BC  Ekaterinburg () is a Russian women's basketball team based in Yekaterinburg competing in the Russian Premier League, and until February 2022 in  FIBA Europe's EuroLeague Women. In reaction to the 2022 Russian invasion of Ukraine, in February 2022 EuroLeague Women suspended all Russian clubs, including UMMC.

Founded in 1938 as Zenit Sverdlovsk, the club had its name changed to Uralmash Sverdlovsk in 1960, like other teams from the city such as FC Ural Sverdlovsk Oblast. Four years later Uralmash reached the Soviet Top Division. In 1973 and 1974 it attained two 3rd spots, the club's best results in the Soviet era.

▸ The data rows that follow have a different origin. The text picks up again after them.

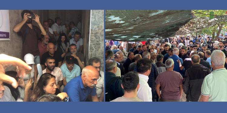 Yeşil Sol Parti Riha Milletvekili Dilan Kunt Ayan’ın içinde yer aldığı kitle ise, parti binası girişinde kalkanlarla ablukaya alındı. Kitle, “Bijî berxwedana Rojava” sloganları ile ablukaya tepki gösterdi. Polisler, kitleye kalkan, cop ve biber gazıyla saldırdı.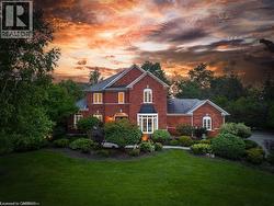 Welcome to this ULTRA-PRIVATE SECRET GARDEN - A Rare Executive Country Estate Property backing onto Blue Springs Golf Club (Home of PGA Canada) w/ the most stunning yard that will rival any luxury resort. This prestigious all-brick home features open concept living + fully finished basement. It is nestled on a stunning 1.38-ACRE LOT (including a beautiful side lot for added privacy) in a quiet enclave of distinguished executive homes. There is a sense of space as you enter the grand foyer w/ its 9' ceilings and curved staircase. The heart of this home is the gourmet EI kitchen which overlooks the WO to the stunning yard and living room w/ vaulted ceiling, fireplace and additional WO to the yard. There is a main level office located off the front entrance and convenient main level laundry w/ tub. The upper floor has 3 generous bedrooms (there were 4 - can easily convert back), one being the primary bedroom with his/her closets and 5-pc ensuite. The basement features an over-sized 4th bedroom, RI for bathroom, a 2nd office, gym, family room and workshop. The dream yard will take your breath away and includes a pavilion for dining al fresco, heated pool, koi pond w/ waterfall, golf-themed bar, screened-in pergola, extensive hardscaping (2000+ SF of flagstone installed on 3 of concrete for stability) and professional low-maintenance landscaping - the ultimate space for entertaining. Additional features: 3-car garage, parking for 10+ in the driveway, garage entry to home, replaced exterior doors, no rentals, energy efficient gas pool heater (2018), pool liner and cover (2025), furnace (2017), well pump (2024); water softener, UV system, HWT all owned; all windows replaced and home re-insulated, extensive UG sprinklers (including side lot), 12 x 16 double-sided pine Mennonite-built shed. Peaceful location close to golf, trails, lake, 15 minutes to 401. This is your opportunity to finally make a luxury move to the country ... let's get you in there for summer! (id:27)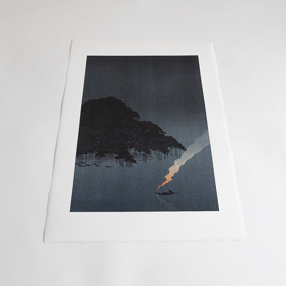 Popis: Tisk zobrazuje poetickou noční scénu s rybářskou loďkou, plující po jezeře Biwa k borovicovému háji u Karasaki.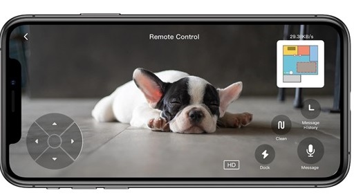2眼カメラで撮影している映像は、スマートフォン(スマホ)のアプリで見ることができるため、留守中の自宅の見守りとして、部屋の様子をリアルタイムで確認することができます。さらに、スマホアプリを使い、遠隔から本体を操作できるので、外出先からペットの様子を確認したり、搭載しているスピーカーから声をかけることも可能です。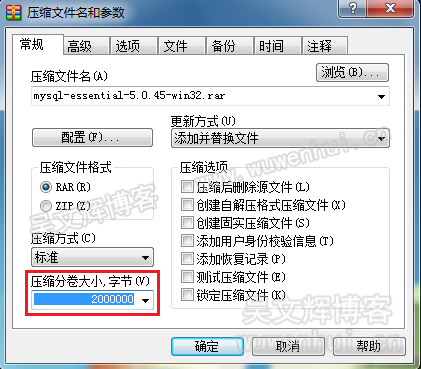 3、如图,在“压缩分卷大小,字节(V)”处填写每个分卷大小,这里是按字节算,大家可以根据自己的需要来填写。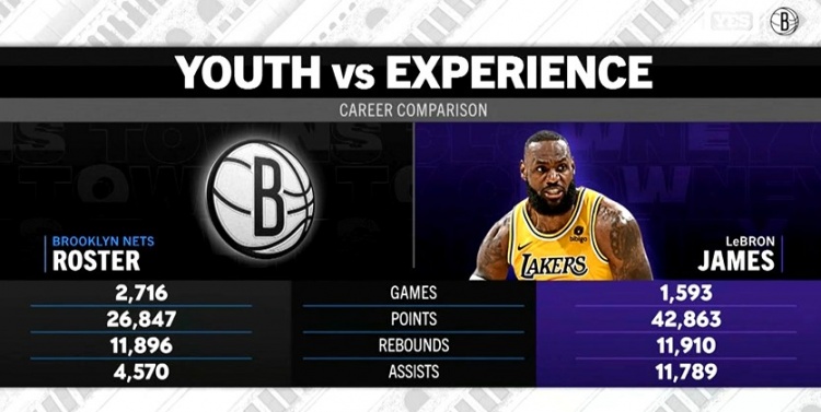 湖人客场挑战篮网,转播方晒出篮网全队和詹姆斯的数据对比,篮网全队的得分、篮板和助攻之和都没有詹姆斯的个人数据多。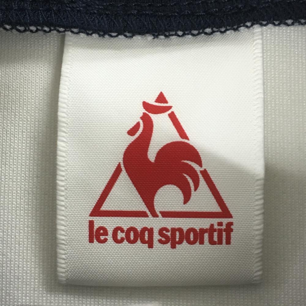 ルコック 半袖ハイネックシャツ 白×ネイビー ハーフジップ ロゴプリント レディース S ゴルフウェア le coq sportif

After Uralmash was merged into OMZ the club was bought in 2000 by the newly formed company UMMC, adopting its current name. UMMC Ekaterinburg in 2002 won its first national championship. The following year it won the Euroleague in its debut season, becoming the first Russian team to win the top European trophy. The team also defended its national title, making it a double.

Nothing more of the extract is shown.